▶ Given material:
>>>
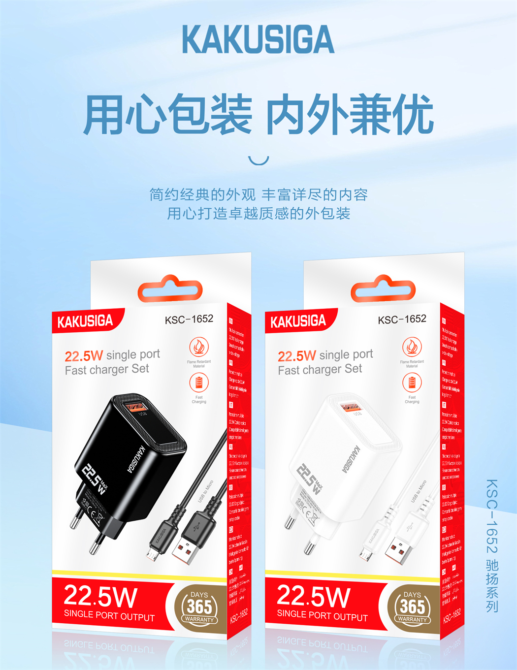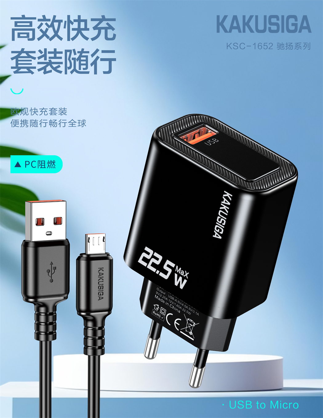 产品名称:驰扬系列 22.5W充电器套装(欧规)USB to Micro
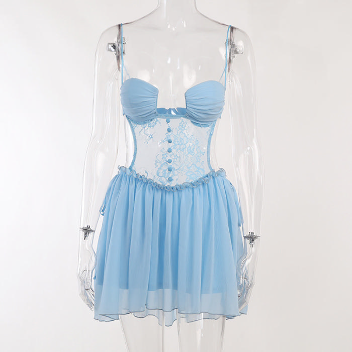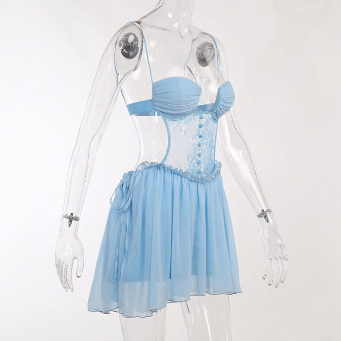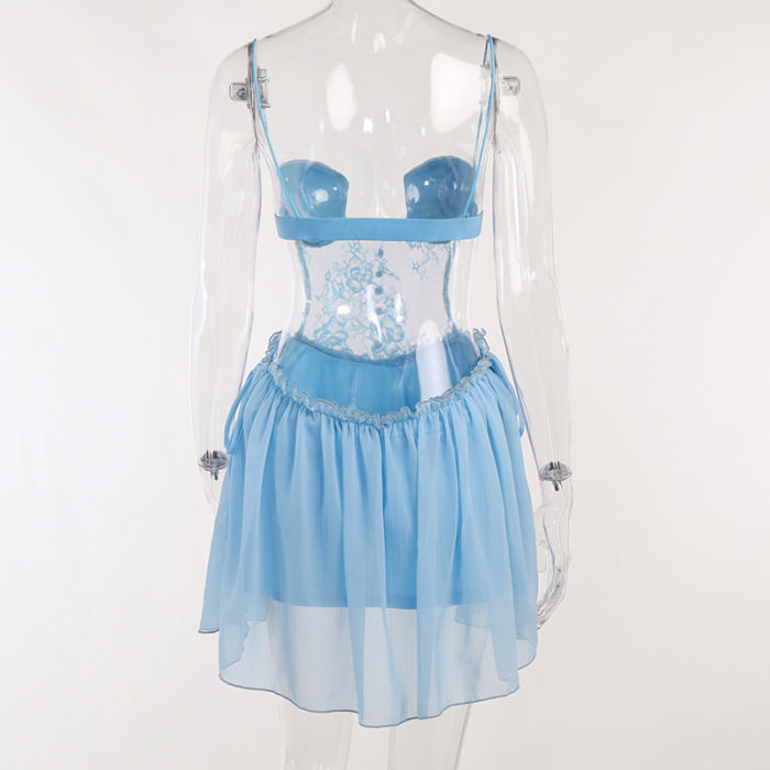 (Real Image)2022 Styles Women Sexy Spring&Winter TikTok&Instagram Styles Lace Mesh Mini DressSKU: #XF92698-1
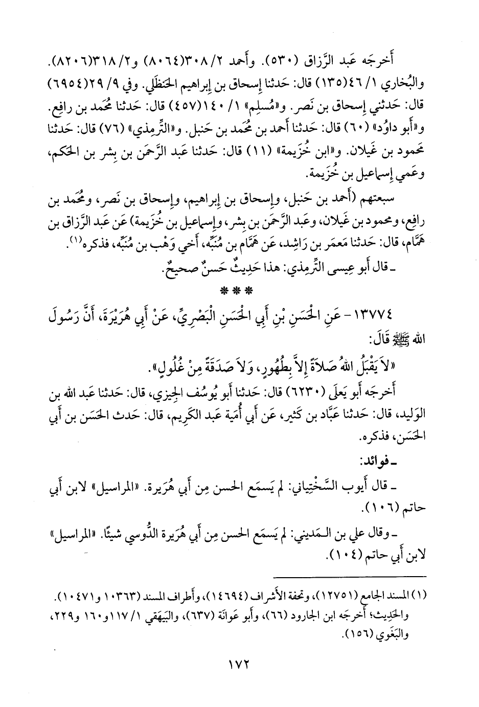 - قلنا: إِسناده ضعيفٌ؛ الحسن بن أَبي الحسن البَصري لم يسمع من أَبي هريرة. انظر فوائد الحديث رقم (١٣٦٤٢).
<<<
▶ What the task requires: Copy, exactly and exclusively, the lines beginning with the one that contains "(Real Image)2022 Styles" and ending with the last line of the listing; pictures are to be omitted.

▶ Output for this task:
 (Real Image)2022 Styles Women Sexy Spring&Winter TikTok&Instagram Styles Lace Mesh Mini DressSKU: #XF92698-1
 - قلنا: إِسناده ضعيفٌ؛ الحسن بن أَبي الحسن البَصري لم يسمع من أَبي هريرة. انظر فوائد الحديث رقم (١٣٦٤٢).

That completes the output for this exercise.